Des steaks de colza

Des steaks de colza

 

 

 

Projet de  production de protéines de colza pour l’alimentation humaine à l’horizon 2022.

Avril et DSM vont construire en première mondiale pour un montant de 80 millions d’euros une usine pour produire une protéine issue du colza.

Ce projet du numéro un français de l’huile de table et des œufs s’inscrit dans un phénomène au long cours, qui s’est accéléré ces dernières années: en 30 ans, le nombre de produits contenant des protéines végétales a été multiplié par près de 20, passant de 300 produits en 1989 à plus de 5.400 produits en 2019, selon une étude réalisée chez les principales enseignes de grande distribution pour le compte du groupe d’étude et de promotion des protéines végétales (GEPV).

Parmi les motivations des industriels de l’agroalimentaire, un marché juteux: « le marché des protéines végétales est en pleine expansion. Il s’élevait à 6,9 milliards d’euros en 2013 et pourrait atteindre les 10 milliards cette année », estime Marie-Laure Empinet, présidente du GEPV, citée dans cette étude.

Au premier rang des produits montés en puissance ces dernières années, les « analogues de la viande » ou steaks végétaux représentent 6% des produits recensés dans cette étude. Ce rayon, « en deux ans, a été multiplié par deux en termes de références », selon Hubert Bocquelet, délégué général du GEPV.

Une tendance portée essentiellement par les « flexitariens », soit les consommateurs qui prônent une consommation de viande modérée et représentent aujourd’hui, selon M. Bocquelet, « à peu près un tiers de la population » française, soit « presque 20 fois plus que les végétariens stricts ».

En attendant, les surfaces de soja (+4%) et de protéagineux +7,8%) seraient en nette hausse cette année, selon les premières projections du ministère de l’Agriculture, qui prévoit également de bons rendements, notamment pour les pois et les féverolles.

La mise en place d’un plan protéines ambitieux, à l’échelle du continent européen, faisait partie des pistes prioritaires du chef de l’Etat lors du dernier Salon de l’agriculture.
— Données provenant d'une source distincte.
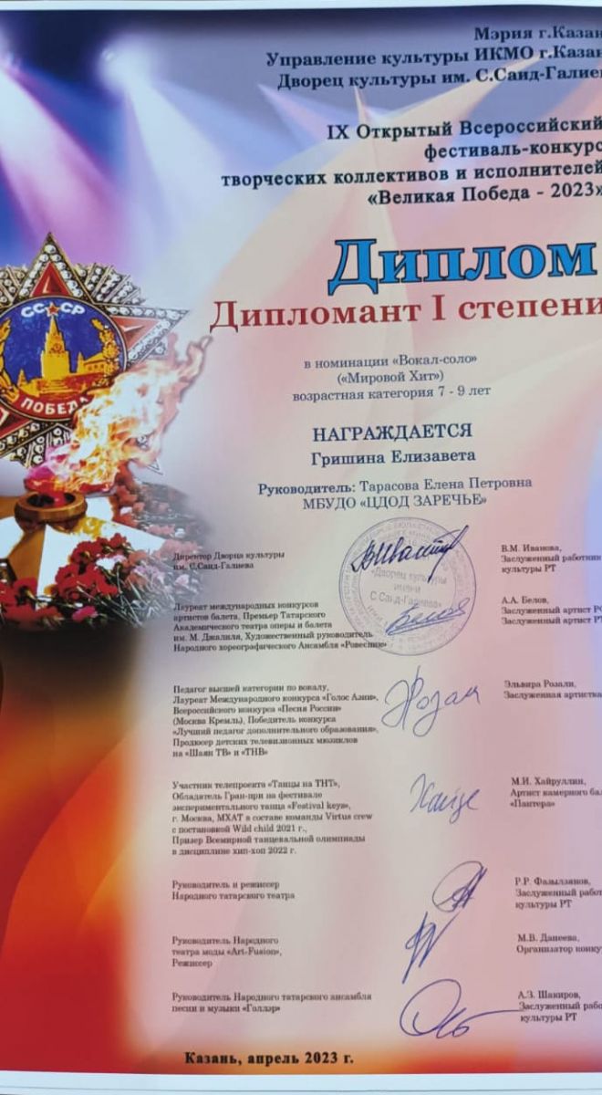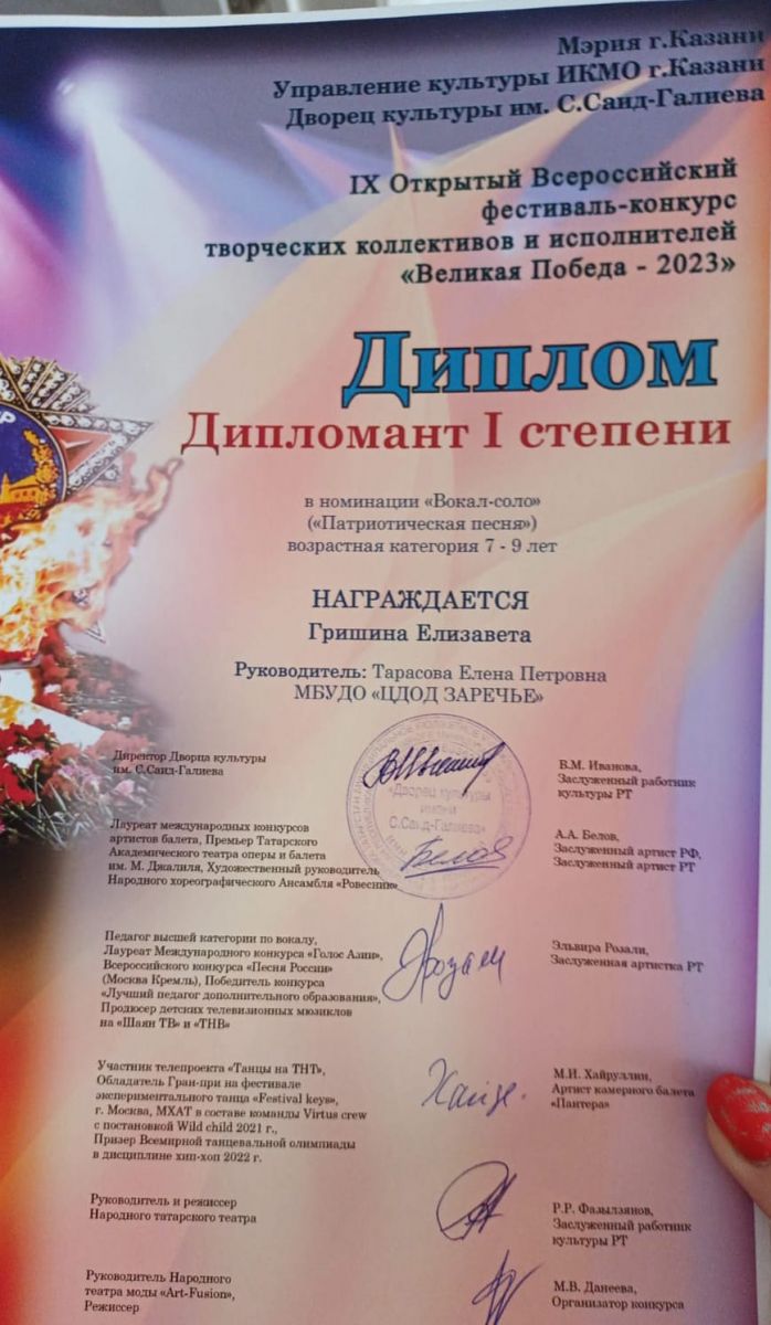 Опубликовано: 24.04.202322 апреля солисты вокального объединения "Исток" (педагог Тарасова Е.П.) приняли участие во Всероссийском фестивале-конкурсе "Великая Победа - 2023", который проходил в ДК им. С. Саид-Галиева.

Emmanuel Macron avait souhaité voir la France réduire sa dépendance aux importations de protéines végétales destinées à nourrir les animaux d’élevage, notamment en provenance des Etats-Unis.

Via ce plan, les producteurs d’oléoprotéagineux ont pour ambition de réduire la dépendance de la France aux importations de 45% à 35% (contre près de 65% à 70% en Europe) dans les cinq prochaines années.